Motion to Dismiss; Motion for Summary Judgment; Time-Barred Claim
McGarity v. O’Malley, No. SA-23-CV863-OLG (HJB), (Bemporad, H., May 31, 2024); adopted by McGarity v. O’Malley, No. SA-23-CV-00863-OLG, (Garcia, O., July 23, 2024)
The plaintiff brought this lawsuit against the commissioner of the Social Security Administration (“SSA”), on behalf of a minor, seeking judicial review of the denial of supplemental security income (“SSI”). The plaintiff filed an application for SSI, which was denied by an administrative law judge based on a finding of no disability. The plaintiff requested review of the denial by the SSA’s Appeals Council. On March 27, 2023, the Appeals Council notified the plaintiff that her request for review was denied, that her only remaining recourse was to file a civil action, and that she had 60 days from her receipt of the notice to do so. The notice indicated that absent a showing to the contrary, the plaintiff would be presumed to have received notice five days from the date on which the notice was sent. The plaintiff’s counsel requested an additional 60 days to file suit. The Appeals Council granted the plaintiff an additional 30 days, making the new deadline to file a civil action June 27, 2023. The plaintiff filed suit on July 12, 2023, after the Council’s extended deadline. The Commissioner filed a motion to dismiss, alleging that the plaintiff’s claim was time-barred. The court converted the motion to a motion for summary judgment, as it relied on facts outside of the pleadings. The court granted summary judgment in favor of the Commissioner.
Subject matter jurisdiction; diversity jurisdiction; amount in controversy; Rule 12(h)(3) dismissal; breach of contract
Nealy v. Cnac, No. SA-24-CV-273-JKP (HJB), (Bemporad, H., May 31, 2024); adopted by Nealy v. Cnac, No. SA-24-CV273-JKP, (Pulliam, J., July 16, 2024).
A pro se plaintiff filed this breach of contract claim arising out of a consumer credit transaction involving the purchase of a vehicle, citing to Chapter 38 of the Texas Civil Practice and Remedies Code, and seeking either performance of the contract or restitution in the amount of $125,000. The court’s jurisdiction to hear state law breach of contract claims is limited to those in which the parties are diverse and the amount in controversy exceeds $75,000. However, the plaintiff failed to allege diversity, and despite the plaintiff’s $125,000 restitution claim, both the complaint and the contract in question evidenced a $27,378.32 transaction, falling far short of the $75,000 amount-in-controversy requirement.

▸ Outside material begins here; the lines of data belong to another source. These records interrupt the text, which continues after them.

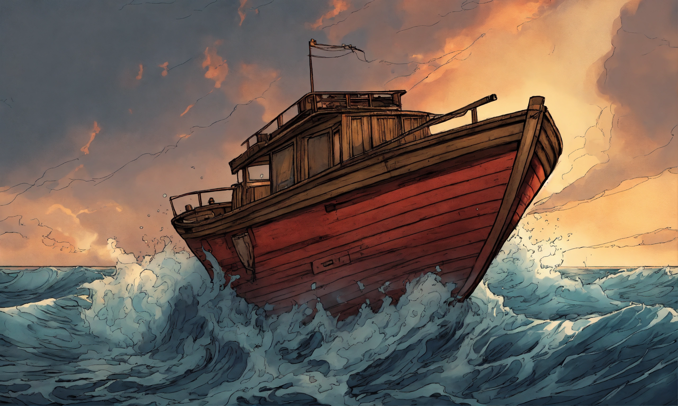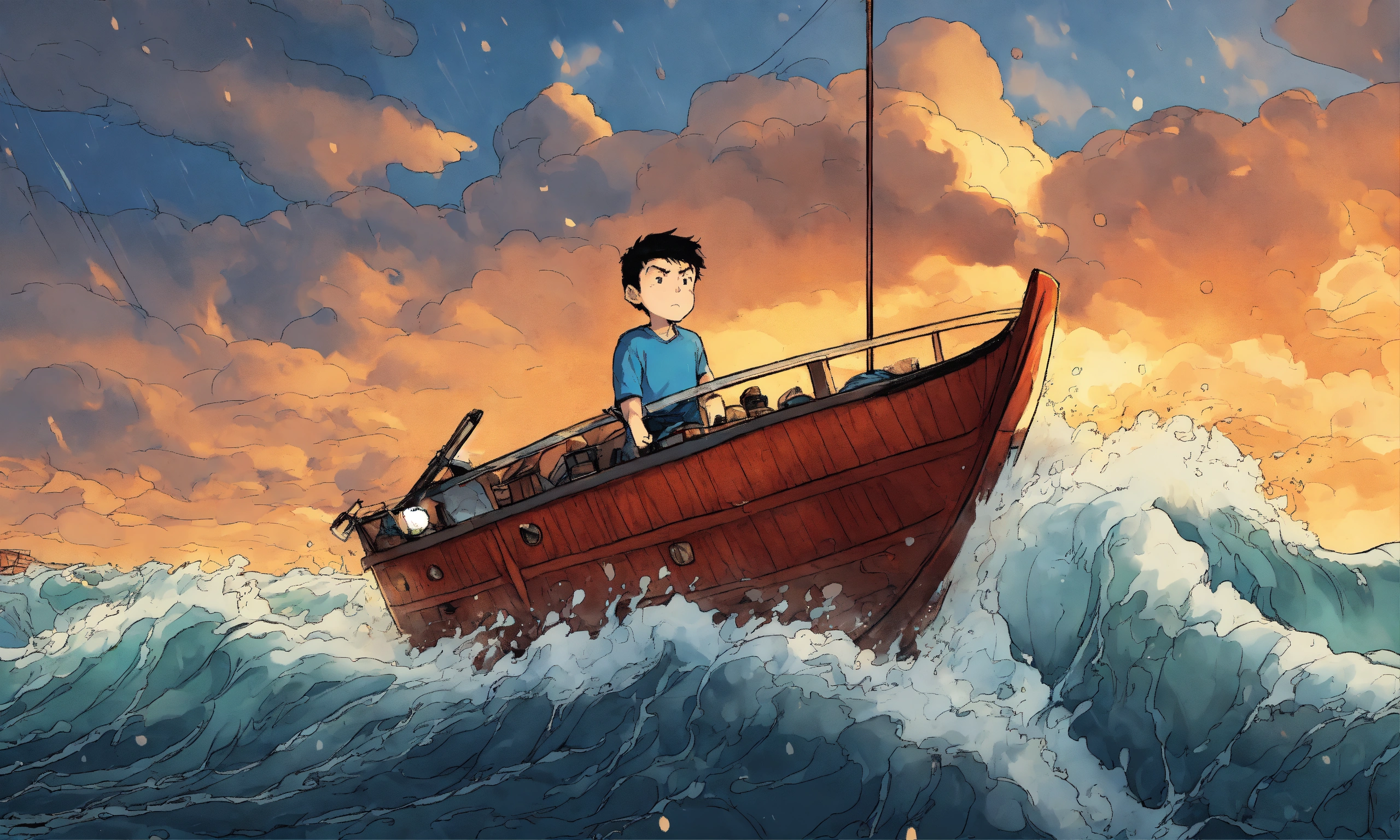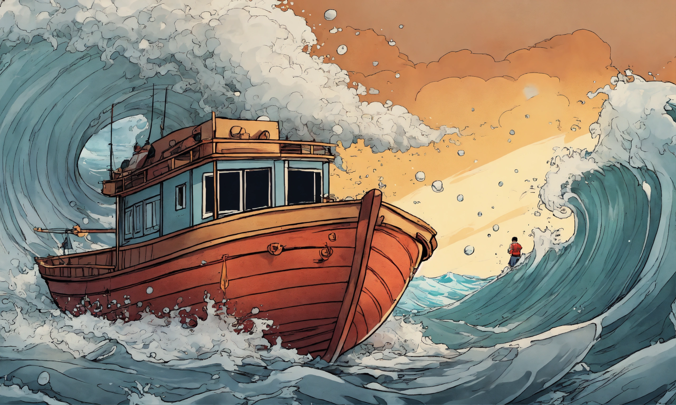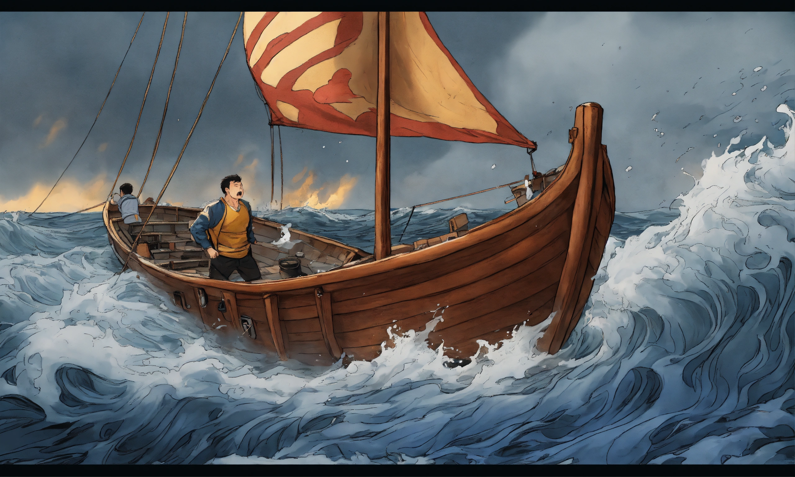 Draw me a picture in the form of a comic book of a boat with holes, water gets inside the boat, an angry man in the image of jet li rows on the raging waves, the weather is cloudy, the character’s emotions should be clearly visible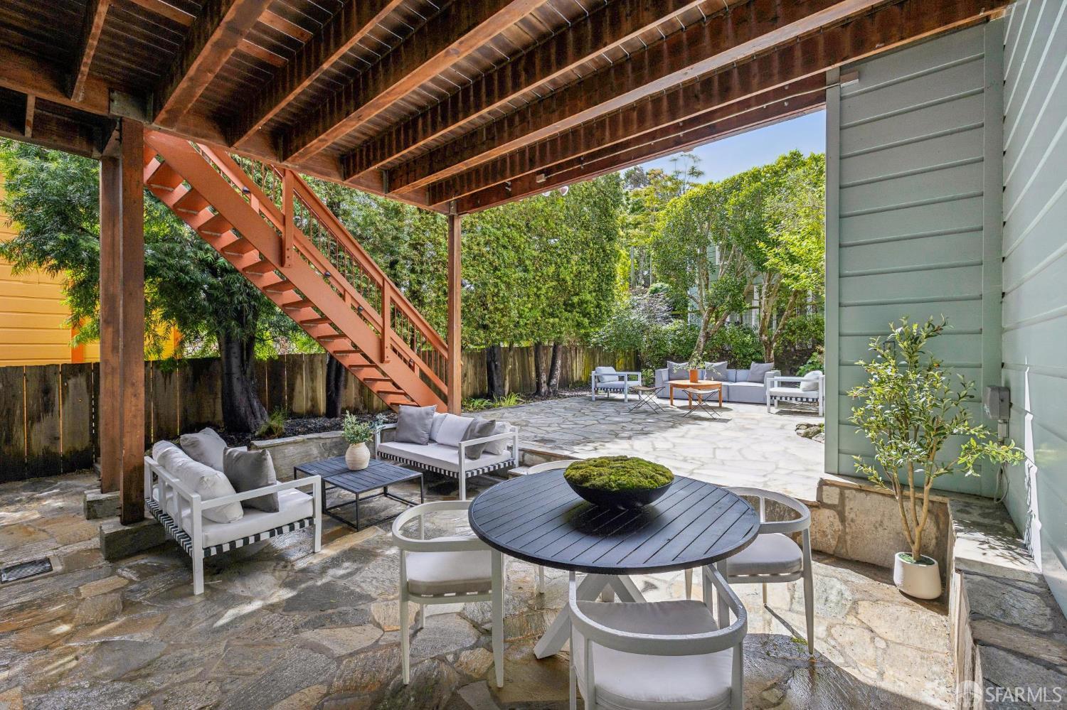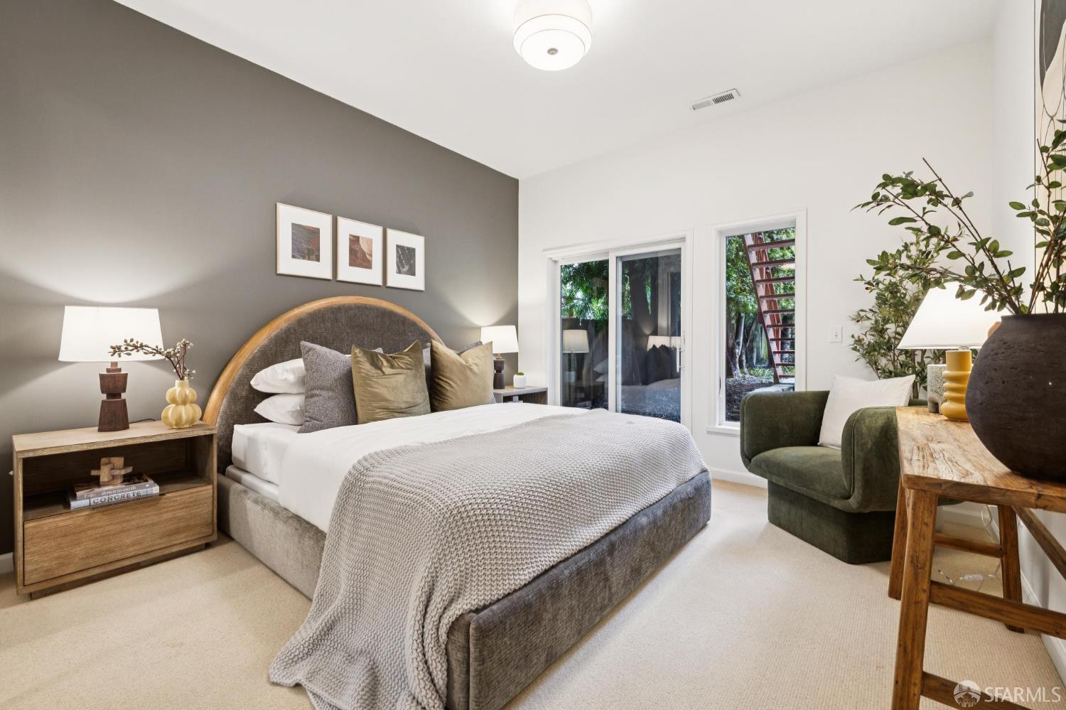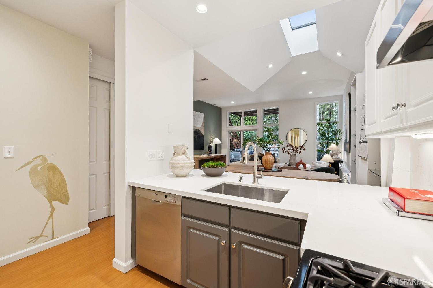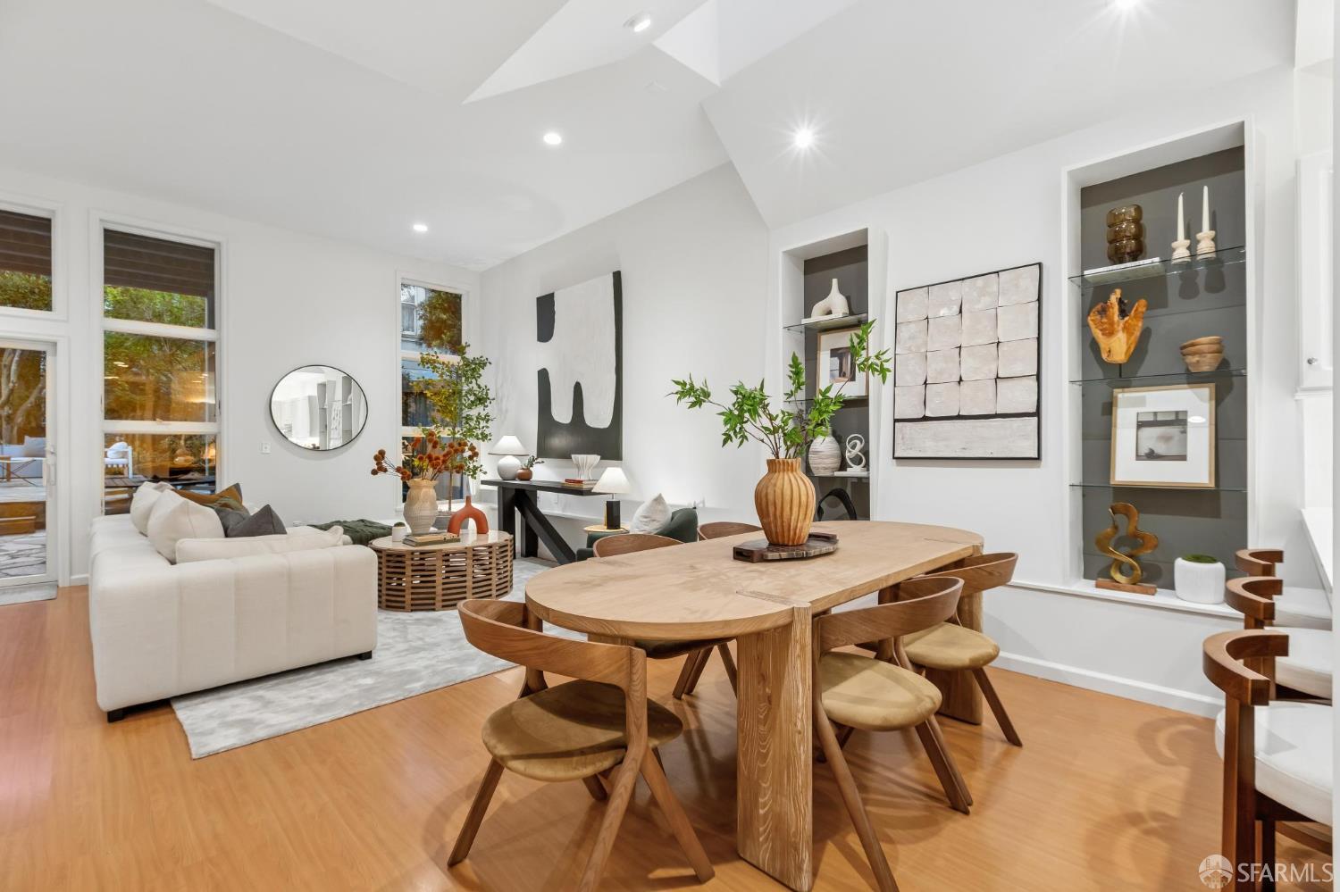 Masterful architecture, lofty scale, and grand, house-like amenities anchor this pristine, one-bedroom condominium, well-appointed, strategically located, and graced with a massive exclusive patio. Soaring ceilings, gallery walls, huge windows and skylights result in an expansive flexible space, flooded with natural light. A sky-lit dining room with soaring ceilings is open to the generously proportioned kitchen with fresh new counters, backsplash, and a layout perfect for entertaining. A separate pantry, in-unit laundry room, private one-car garage, and tremendous storage make this open plan home as comfortable as it is beautiful. Two folks working at home? No problem. Grand scale entertainers? Perfecto. Dogs, urban hikes and ease of getting around town…this is your place! One of two units, set in a serene pocket of Eureka Valley, this sophisticated residence, set back from the charming, tree-lined block, offers city centrality and a sense of retreat. Close to the Castro Village, Kite Hill, Corona Heights and its many tennis courts, Mission Dolores Park, and the historic Castro Theater. This home has it all.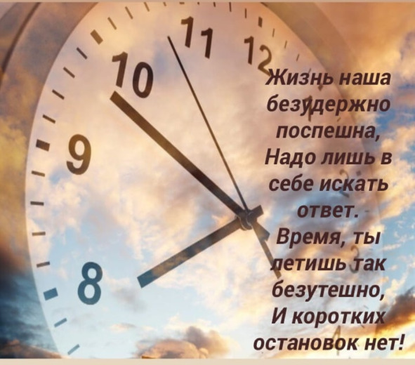 Время убегает быстротечно,Кто и для чего мы на земле?Сами задаем вопрос извечный,Только лишь ответа нет нигде. Время улетает словно ветер, Холод оставляя на душе.Если долгожданный этот вечер,Ляжет одиночеством уже. Время нас меняет неизбежно, Но не бойтесь говорить «люблю». Тем, кто так нам дорог бесконечно, Ведь стоим на грани, на краю.Время нас не лечит, а считаетДни, что нам отмерены в судьбе.И людей хороших посылает, Чтобы разобрались мы в себе. Жизнь наша безудержно поспешна, Надо лишь в себе искать ответ.Время, ты летишь так безутешно, И коротких остановок нет!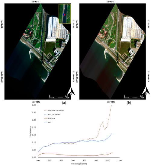 It must be said that these results are achievable only for airborne acquisitions. In the case of satellite observations, in fact, shadow corrections are much less efficient due to the absorption along the atmospheric column, which almost leads to a complete reset of the signal.

The court noted that because the plaintiff was pro se, he was entitled to amend his complaint so as to bring it within the court’s jurisdiction. However, as amended, the complaint merely changed (1) the restitution claim to $80,000, and (2) the law under which his claim arose to the Federal Reserve Act, without factual support or further explanation as to how the law applies. As in the original, the amended complaint failed to allege diversity of citizenship. As such, the complaint was dismissed for lack of jurisdiction.